# Problem description
Upon reaching the line that contains "截至午盘,沪指涨1.64%,深成指涨2." in the records below, begin repeating every line exactly through the last one, skipping pictures.

# Data for analysis
▼

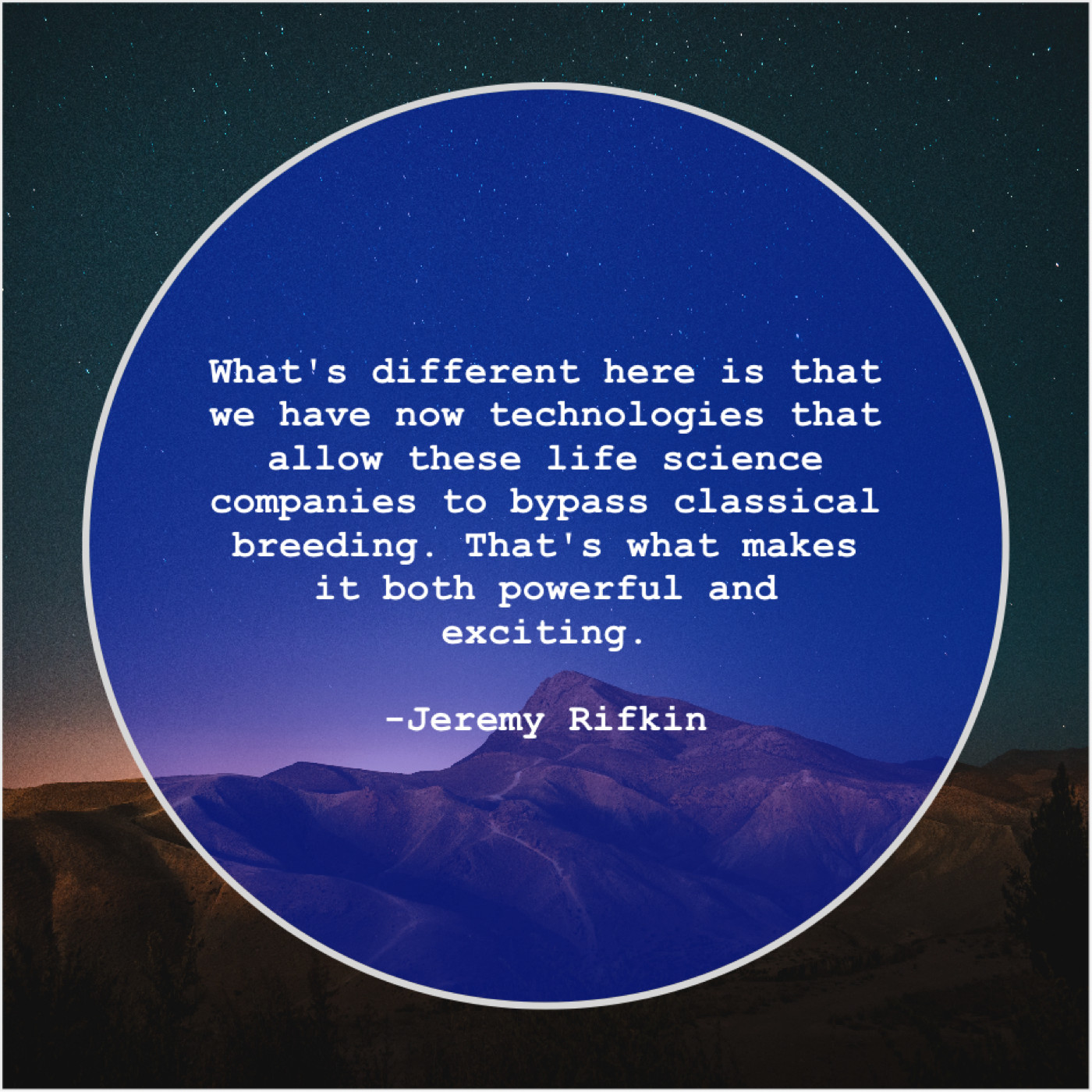 Jeremy Rifkin Jeremy Rifkin – What’s different here is that… October 3, 2019 admin “What’s different here is that we have now technologies that allow these life science companies to bypass classical breeding. That’s what makes it both powerful and exciting.”-Jeremy Rifkin
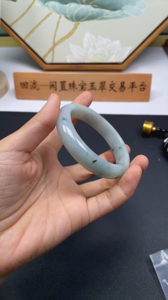 Jadeite Circular Bracelet with Other Mineral Components, Total Weight Approximately 62.45g, Inner Diameter 58.7
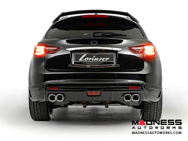 With its precise fit and finish, this genuine Lorinser product is imported from Germany, ensuring high quality and superior craftsmanship. The molded part is expertly designed to seamlessly integrate with your Infiniti, giving it a sporty and aggressive look.
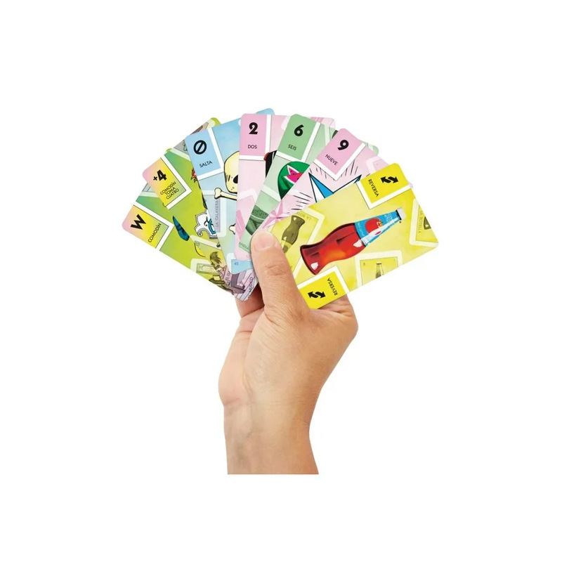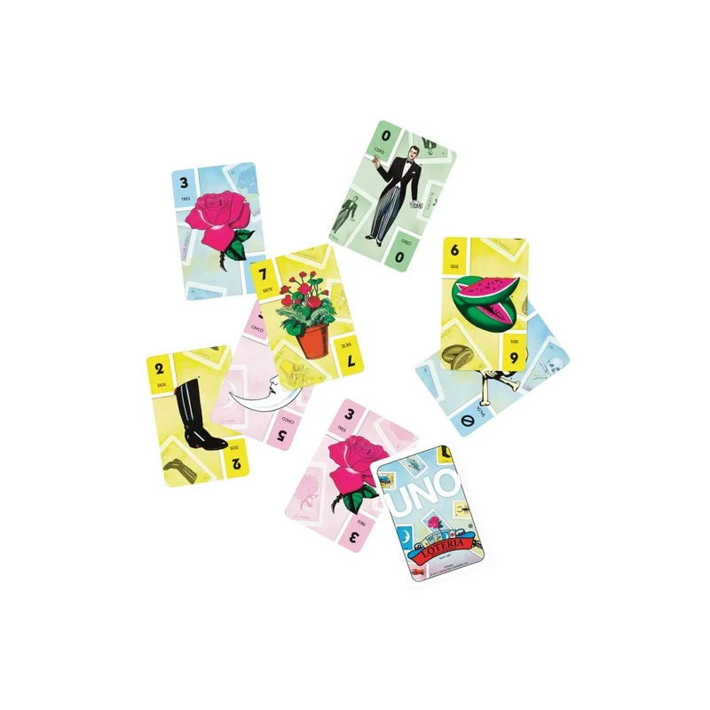 El juego de cartas UNO inspirado en la tradicional Lotería mexicana combina la dinámica clásica que los jugadores aman con ilustraciones vibrantes y coloridas del icónico juego popular, incluyendo figuras reconocidas como El Gallo y La Estrella. Mantiene el formato original de UNO en el que los participantes emparejan colores y números para deshacerse de todas sus cartas lo más rápido posible, sin olvidar gritar UNO cuando solo quede una carta. Diseñado para 2 a 10 jugadores a partir de los 7 años, este juego coleccionable es una excelente opción de regalo para quienes disfrutan de los juegos de cartas y de la riqueza cultural de México.
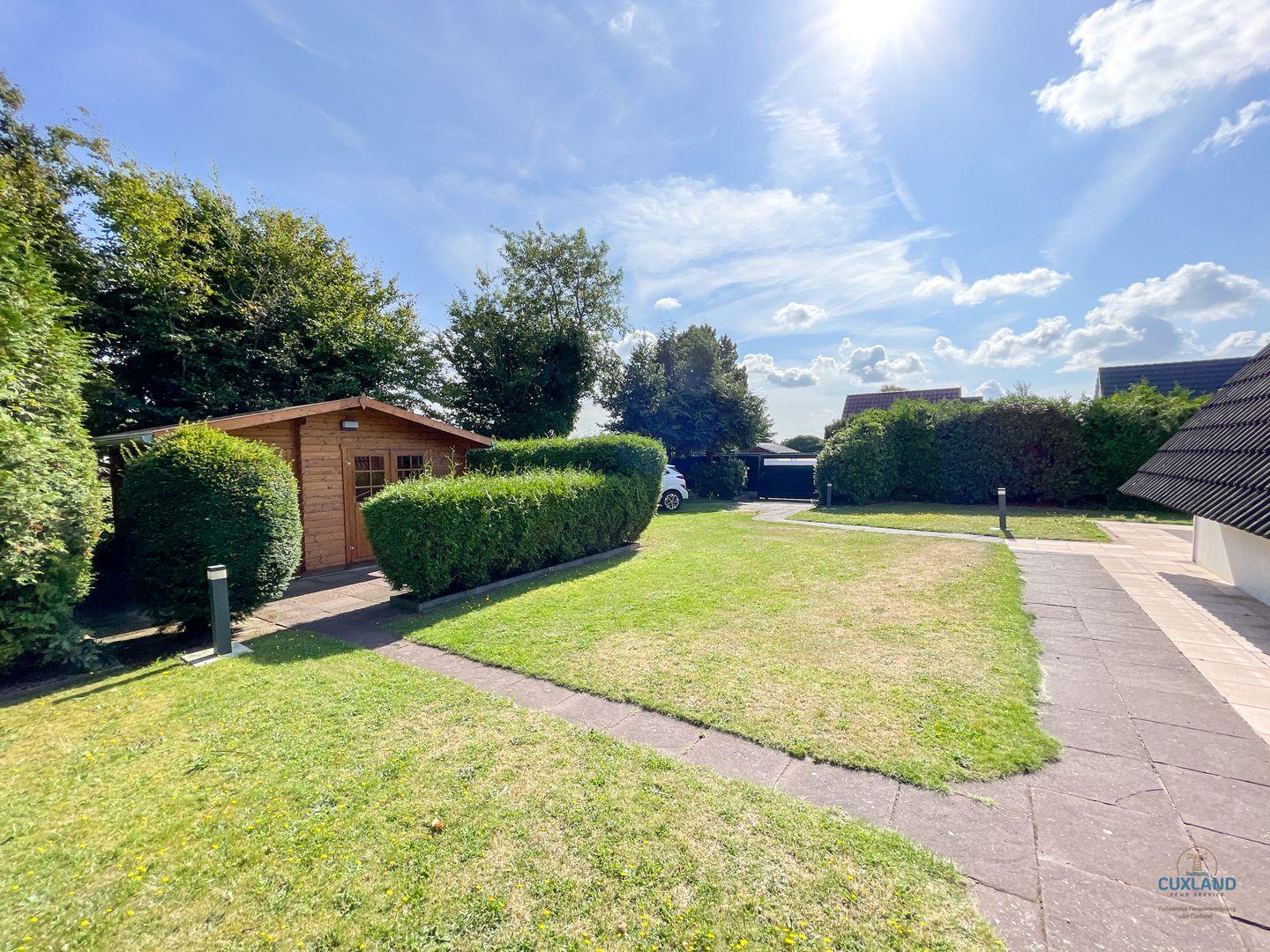 Gartenhaus mit einer weiteren Terrasse, sowie eine große Rasenfläche. Das Haus
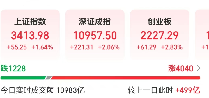 截至午盘,沪指涨1.64%,深成指涨2.06%,创业板指涨2.83%。沪深两市半日成交额1.09万亿元,较上个交易日放量499亿元。
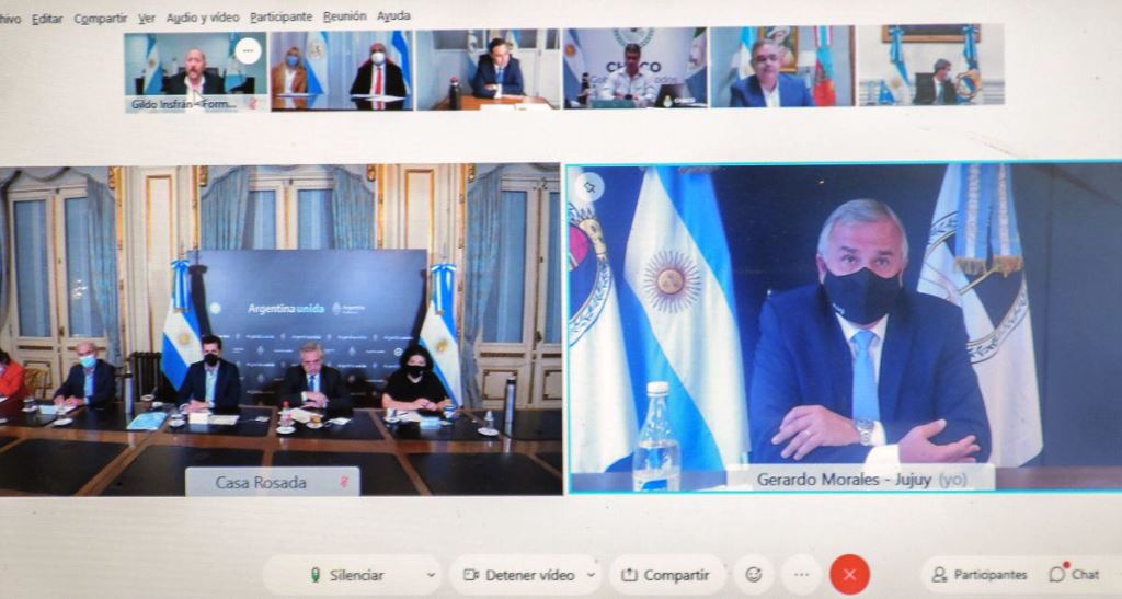 Por su parte, el gobernador Morales detalló los alcances de las diversas medidas que se implementaron en las últimas semanas tras la puesta en marcha del último Decreto de Necesidad y Urgencia emitido por Nación y explicó cómo se está trabajando para hacer frente a la pandemia.
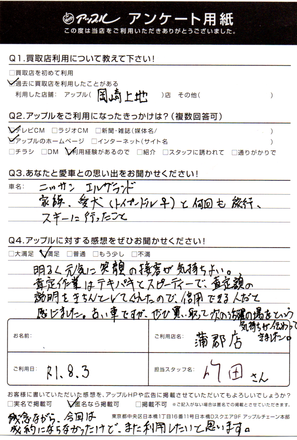 明るく元気に笑顔の接客が気持ちよい。査定作業はテキパキとスピーディーで査定額の説明をきちんとしてくれたので、信用できる人だと感じました。古い車ですが、ぜひ買い取って次の活躍の場をという気持ちが伝わってきました。残念ながら、今回は成約にならなかったけど、また利用したいと思います。

▲

# Output of the task
 截至午盘,沪指涨1.64%,深成指涨2.06%,创业板指涨2.83%。沪深两市半日成交额1.09万亿元,较上个交易日放量499亿元。
 Por su parte, el gobernador Morales detalló los alcances de las diversas medidas que se implementaron en las últimas semanas tras la puesta en marcha del último Decreto de Necesidad y Urgencia emitido por Nación y explicó cómo se está trabajando para hacer frente a la pandemia.
 明るく元気に笑顔の接客が気持ちよい。査定作業はテキパキとスピーディーで査定額の説明をきちんとしてくれたので、信用できる人だと感じました。古い車ですが、ぜひ買い取って次の活躍の場をという気持ちが伝わってきました。残念ながら、今回は成約にならなかったけど、また利用したいと思います。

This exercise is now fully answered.